Mon Sep 14 21:59:51 EDT 2009

On Sep 13, 2009, at 3:51 PM, Skipper Seabold wrote:

> On Sun, Sep 13, 2009 at 1:29 PM, Skipper Seabold  
> <jsseabold at gmail.com> wrote:
>> Is there a reason that the missing argument in genfromtxt only  
>> takes a string?

Because we check strings. Note that you can specify several characters  
at once, provided they're separated by a comma, like missing="0,nan,n/a"

>> For instance, I have a dataset that in most columns has a zero for
>> some observations but in others it was just left blank, which is the
>> equivalent of zero.  I would like to set all of the missing to 0 (it
>> defaults to -1 now) when loading in the data.  I suppose I could do
>> this with a converter, but I have too many columns for this.

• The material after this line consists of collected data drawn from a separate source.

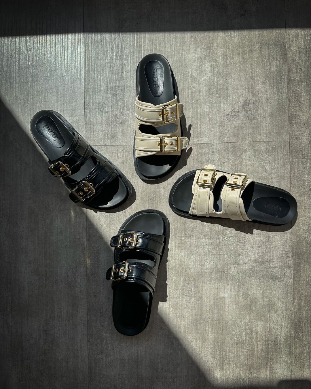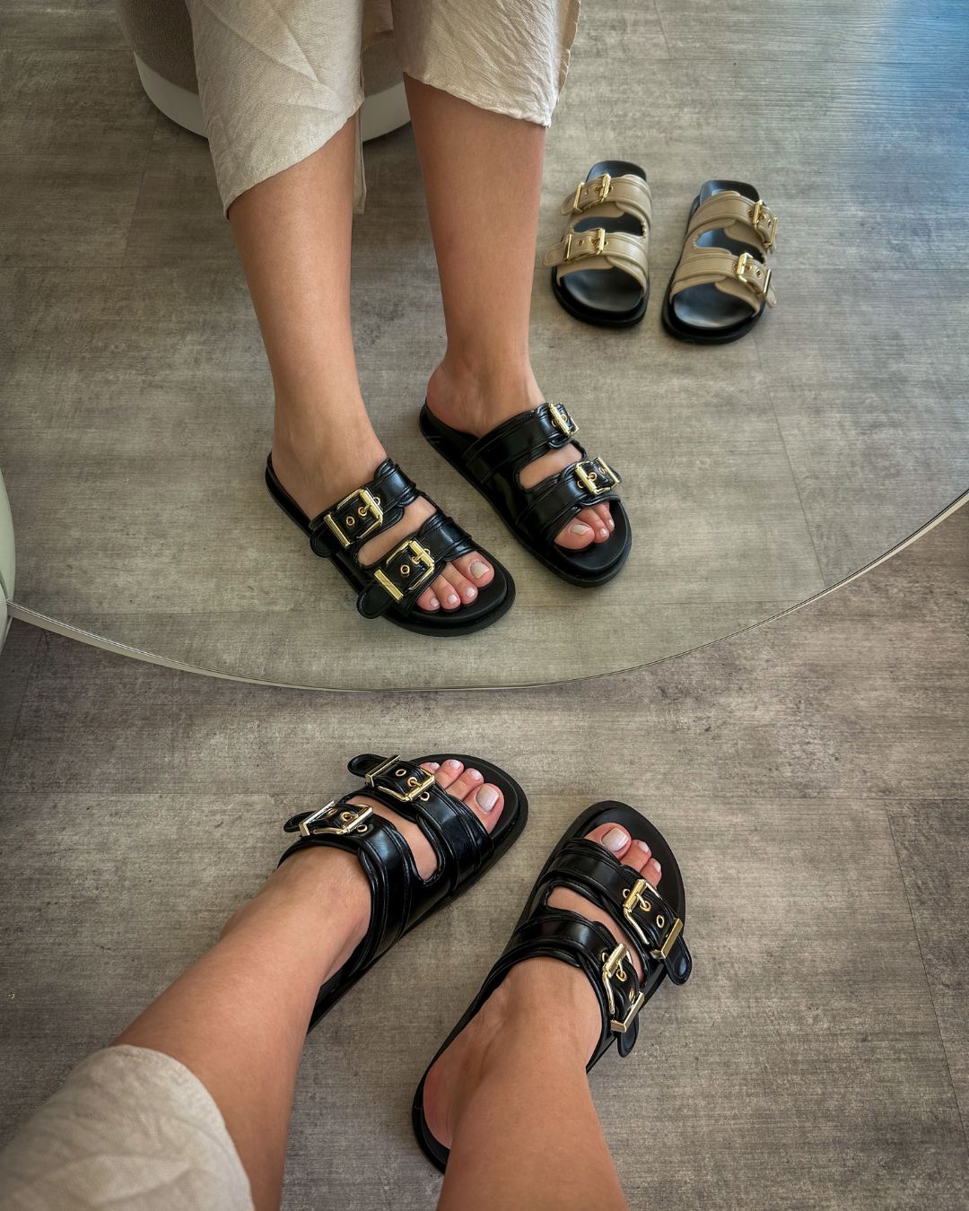 O modelo conta com duas fivelas ajustáveis no peito do pé, que além de darem um charme extra ao visual, permitem um encaixe perfeito e personalizado. Seu design minimalista e elegante facilita as combinações, sendo ideal para compor desde looks casuais até produções mais fashionistas.
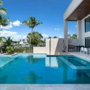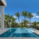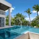 Gli spazi esterni, progettati per essere vissuti in ogni stagione, offrono un’autentica oasi privata con piscina riscaldata, cucina estiva completamente attrezzata e lounge coperte immerse in una rigogliosa vegetazione tropicale.
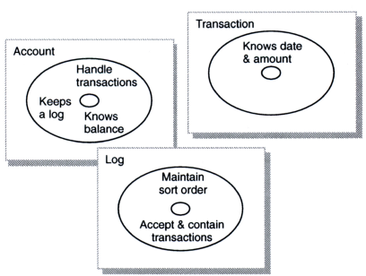 "account가 log를 갖도록 만드는" 관계에 부여하는 추상화 수준-디자인 또는 분석-조차 결정에 도움이 되지 못한다. 어떤 것도 관계를 두 개의 추상화 수준에서 표시되지 못하도록 방해하지 않는다. 사실 객체 지향 방법론에서 객체와 그 관계는 주로 하나의 단계에서 다음 단계로 서서히 지속된다. 이렇게 내재적인 모호함에도 불구하고 분석, 디자인, 구현 단계를 구별하려는 시도는 습관적으로 이루어진다. 따라서 주로 84 페이지 도표에 있는 책임 카드를 디자인 단계로, 85 페이지 도표에 있는 스몰토크 스타일의 메서드명은 구현 단계로 돌리곤 한다.
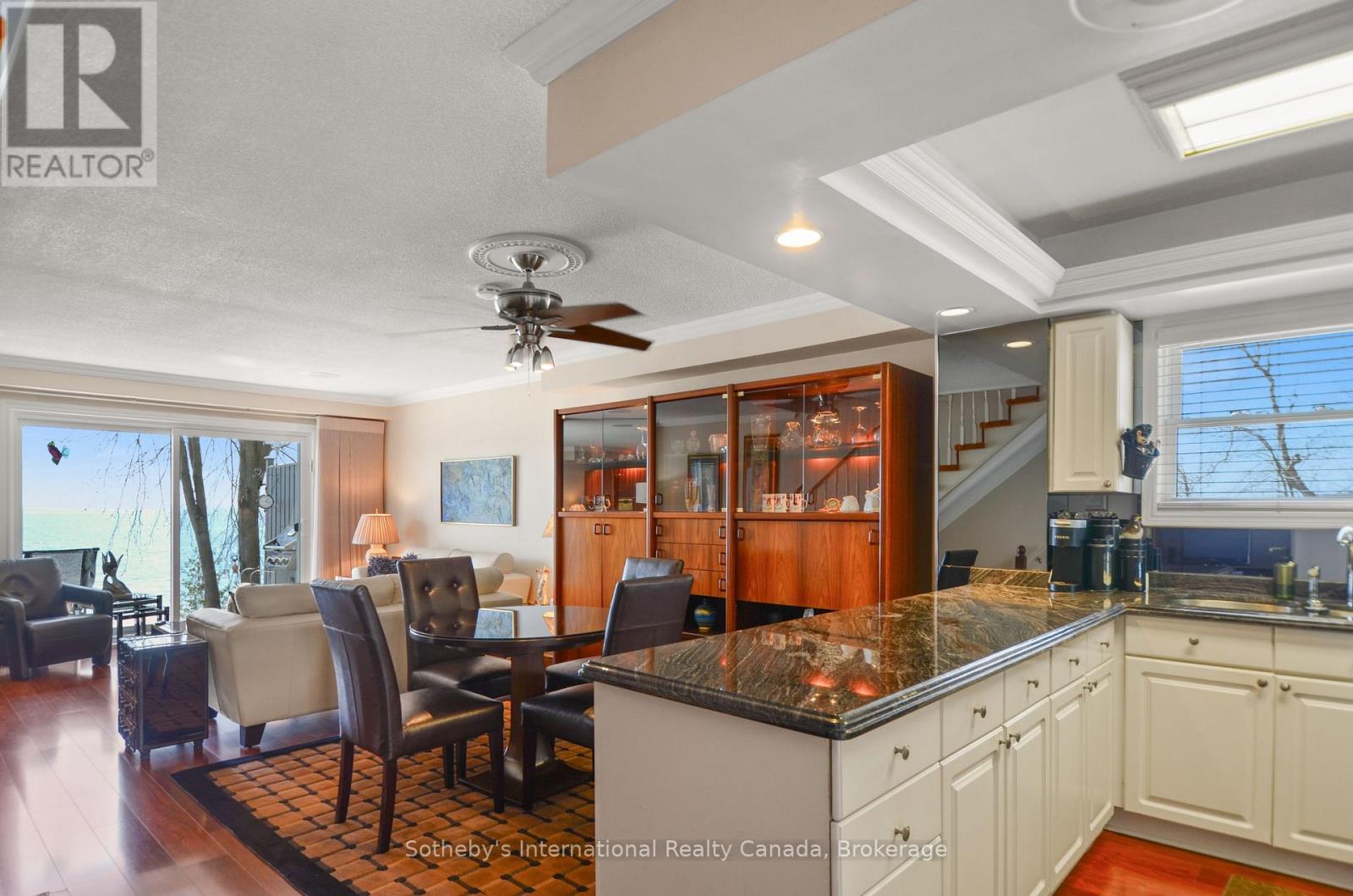 LAKEFRONT LIVING! Don't miss this rare opportunity to own a meticulously maintained end-unit waterfront townhouse condo on Lake Simcoe at a very affordable price. Ideal for professionals, couples, or those downsizing, this turnkey property offers a stylish and convenient lifestyle in a private, 9-unit community, just steps from downtown Orillia. Enjoy a bright, open-concept main floor with a granite kitchen, stainless steel appliances, and a cozy gas fireplace. Relax on your fenced deck with electric awning and stunning lake views. Recent upgrades include new composite decking and railings, a new furnace (Oct/25), updated windows/doors (2019), and a 6-year-old A/C. With spacious bedrooms, a finished lower level, and an attached garage with mezzanine storage, this home has it all. Plus, enjoy access to a shared dock, Kitchener Park's amenities, and easy access to marinas, shopping, and Casino Rama. Waterfront living at this price won't last! (id:64974)
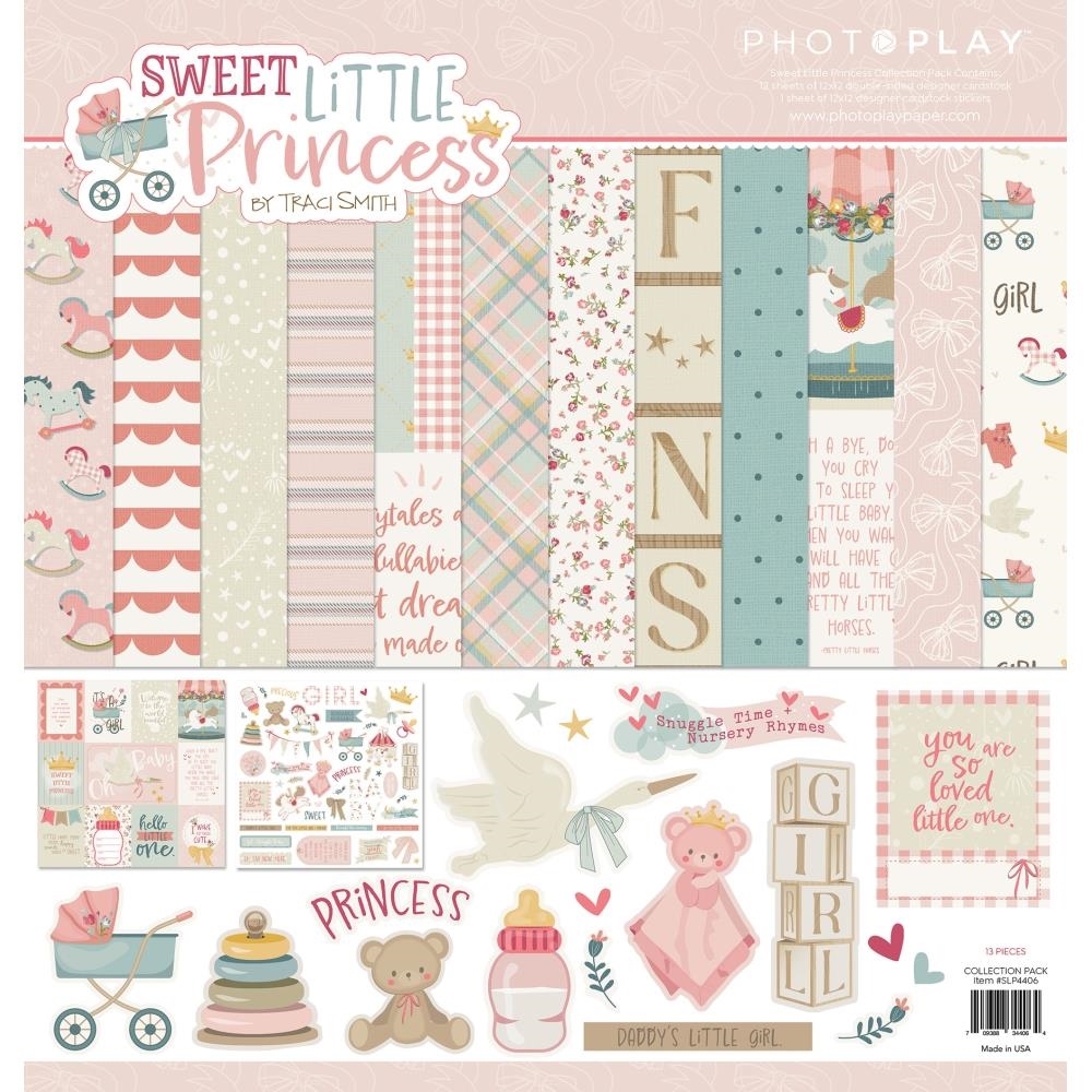 12 φύλλα scrapbooking διπλής όψης και 1 cardstock φύλλο με αυτοκόλλητα από τη συλλογή Sweet Little Princess που έχει σχεδιάσει η Traci Smith για την Photoplay.
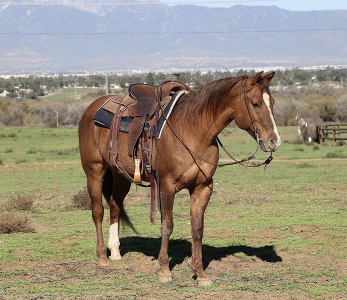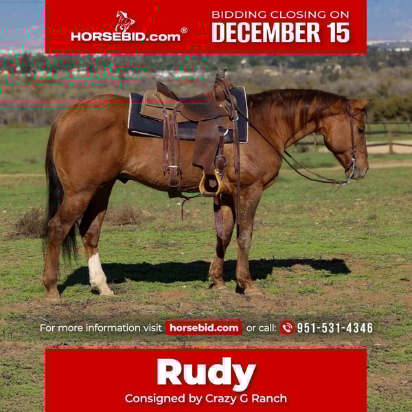 🎄𝐓𝐇𝐄 𝑯𝒐𝒍𝒊𝒅𝒂𝒚 𝐂𝐋𝐀𝐒𝐒𝐈𝐂🎄 Happening now thru MONDAY | DECEMBER 15th - Available EXCLUSIVELY on HorseBid's website! For more details and to register visit: www.Horsebid.com CONSIGNOR CONTACT: Crazy G Ranch 951-531-4346 LOCATION: Norco CA BREED: Quarter horse REGISTERED: No COLOR: Dunn HEIGHT: 14.3 AGE: 13 GENDER: Gelding Rudy is a go to horse in our barn! Rudy has been used for many disciplines for all level of riders! Rudy has been used for JR rodeos, he is finished on the barrel pattern and will run Poles! Rudy has been used out on the ranch gathering, and branding calves! He has no spook, is sure footed, and is solid and confident on the ranch and trails! Rudy doesn’t get hot and will ride solo or in a group setting! Rudy has been ridden in busy street trails and isn’t afraid of barking dogs, flying bags, tarps and trash trucks! Rudy is very well broke in the arena, will lope on a nice loose rein and will stay at that slow lope! He is by far one of the smoothest horses I have ever ridden! If you have back problems and need a smooth horse Rudy is your guy! Rudy has been ridden in parades, drill teams and has done a tone of cow sorting! Rudy can be left to sit and you can cinch him up and go without him getting fresh or have any funny business! Rudy sells 100% sound, he wears shoes all the way around and is great for the farrier! Rudy has a puppy dog personality and loves people! He is easy to catch, groom and saddle!

OK, I see. Gonna try to find some fix.

> All of the missing values in the second observation are now -1.  Also,
> I'm having trouble defining a converter for my dates.
>
> I have the function
>
> from datetime import datetime
>
> def str2date(date):
>    day,month,year = date.strip().split('/')
>    return datetime(*map(int, [year, month, day]))
>
> conv = {1 : lambda s: str2date(s)}
> s.seek(0)
> data = np.genfromtxt(s, dtype=None, delimiter=",", names=None,  
> converters=conv)

OK, I see the problem...
When no dtype is defined, we try to guess what a converter should  
return by testing its inputs. At first we check whether the input is a  
boolean, then whether it's an integer, then a float, and so on. When  
you define explicitly a converter, there's no need for all those  
checks, so we lock the converter to a particular state, which sets the  
conversion function and the value to return in case of missing.
Except that I messed it up and it fails in that case (the conversion  
function is set properly, bu the dtype of the output is still  
undefined). That's a bug, I'll try to fix that once I've tamed my snow  
kitten.
Meanwhile, you can use tsfromtxt (in scikits.timeseries), or even  
simpler, define a dtype for the output (you know that your first  
column is a str, your second an object, and the others ints or floats...